Records supplied –
..........

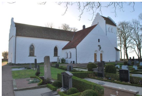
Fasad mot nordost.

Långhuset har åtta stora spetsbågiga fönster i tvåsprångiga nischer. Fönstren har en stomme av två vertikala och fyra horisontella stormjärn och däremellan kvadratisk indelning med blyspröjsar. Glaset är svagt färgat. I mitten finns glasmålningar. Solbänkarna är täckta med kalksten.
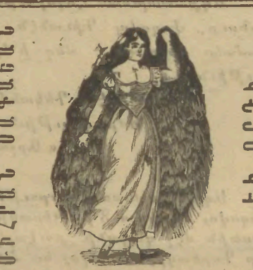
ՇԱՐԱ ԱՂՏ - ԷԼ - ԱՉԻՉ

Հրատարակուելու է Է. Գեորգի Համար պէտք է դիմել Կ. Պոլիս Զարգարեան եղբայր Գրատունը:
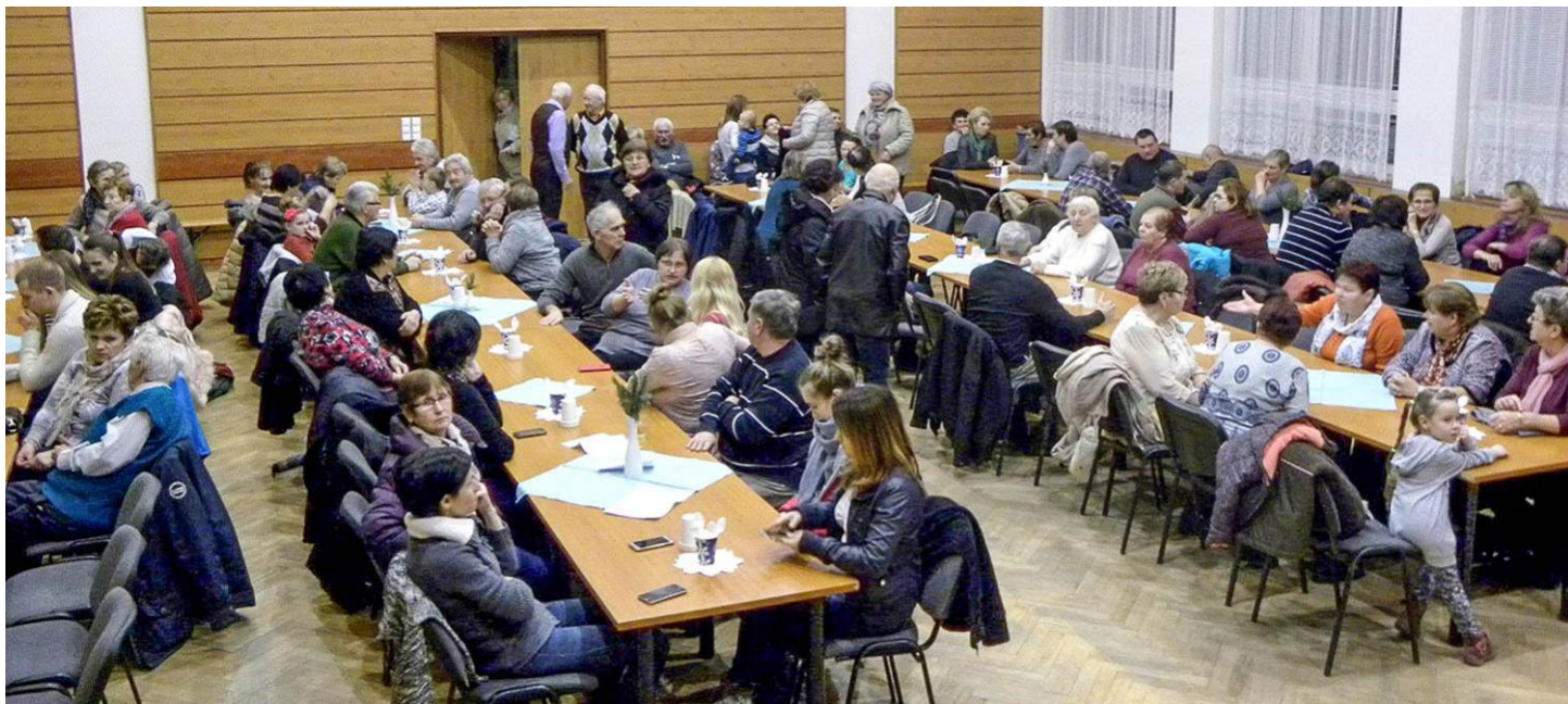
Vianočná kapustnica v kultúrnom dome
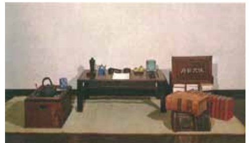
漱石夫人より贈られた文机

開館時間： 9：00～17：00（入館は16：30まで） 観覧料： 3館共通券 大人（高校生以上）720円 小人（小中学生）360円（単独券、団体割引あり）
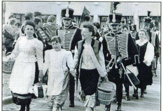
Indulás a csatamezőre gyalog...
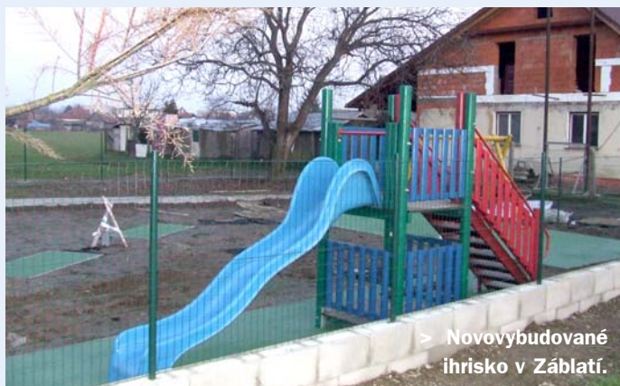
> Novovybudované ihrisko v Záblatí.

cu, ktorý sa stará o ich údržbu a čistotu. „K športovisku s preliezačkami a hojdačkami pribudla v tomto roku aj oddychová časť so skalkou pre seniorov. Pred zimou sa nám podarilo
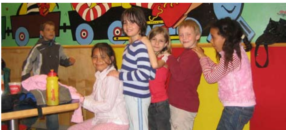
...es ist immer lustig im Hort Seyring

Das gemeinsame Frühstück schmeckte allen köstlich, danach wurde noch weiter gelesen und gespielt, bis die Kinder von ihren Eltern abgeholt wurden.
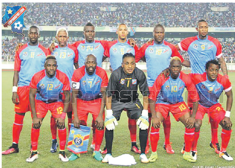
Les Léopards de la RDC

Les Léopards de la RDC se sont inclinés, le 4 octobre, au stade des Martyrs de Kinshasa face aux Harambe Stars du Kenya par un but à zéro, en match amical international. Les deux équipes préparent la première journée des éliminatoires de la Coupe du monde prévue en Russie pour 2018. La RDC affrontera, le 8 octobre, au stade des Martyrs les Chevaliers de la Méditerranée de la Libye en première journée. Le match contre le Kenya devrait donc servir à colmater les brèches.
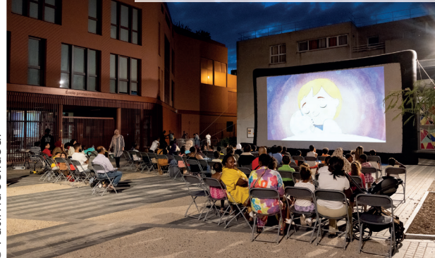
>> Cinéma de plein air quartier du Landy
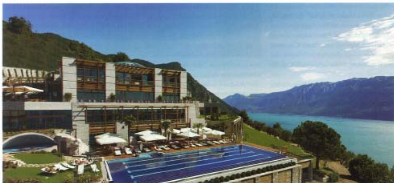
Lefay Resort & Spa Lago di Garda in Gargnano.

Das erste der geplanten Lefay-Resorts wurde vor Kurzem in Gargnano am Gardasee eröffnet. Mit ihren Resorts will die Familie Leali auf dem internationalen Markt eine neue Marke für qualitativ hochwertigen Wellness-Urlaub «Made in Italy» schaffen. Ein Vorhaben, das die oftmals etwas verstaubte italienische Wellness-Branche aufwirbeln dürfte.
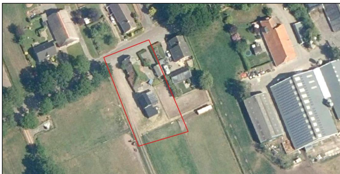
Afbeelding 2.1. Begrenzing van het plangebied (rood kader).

..........

Aim of the task –
Go through the lines above. Select every one that has the string "Gargnano".

Exercise answer –
Lefay Resort & Spa Lago di Garda in Gargnano.
Das erste der geplanten Lefay-Resorts wurde vor Kurzem in Gargnano am Gardasee eröffnet. Mit ihren Resorts will die Familie Leali auf dem internationalen Markt eine neue Marke für qualitativ hochwertigen Wellness-Urlaub «Made in Italy» schaffen. Ein Vorhaben, das die oftmals etwas verstaubte italienische Wellness-Branche aufwirbeln dürfte.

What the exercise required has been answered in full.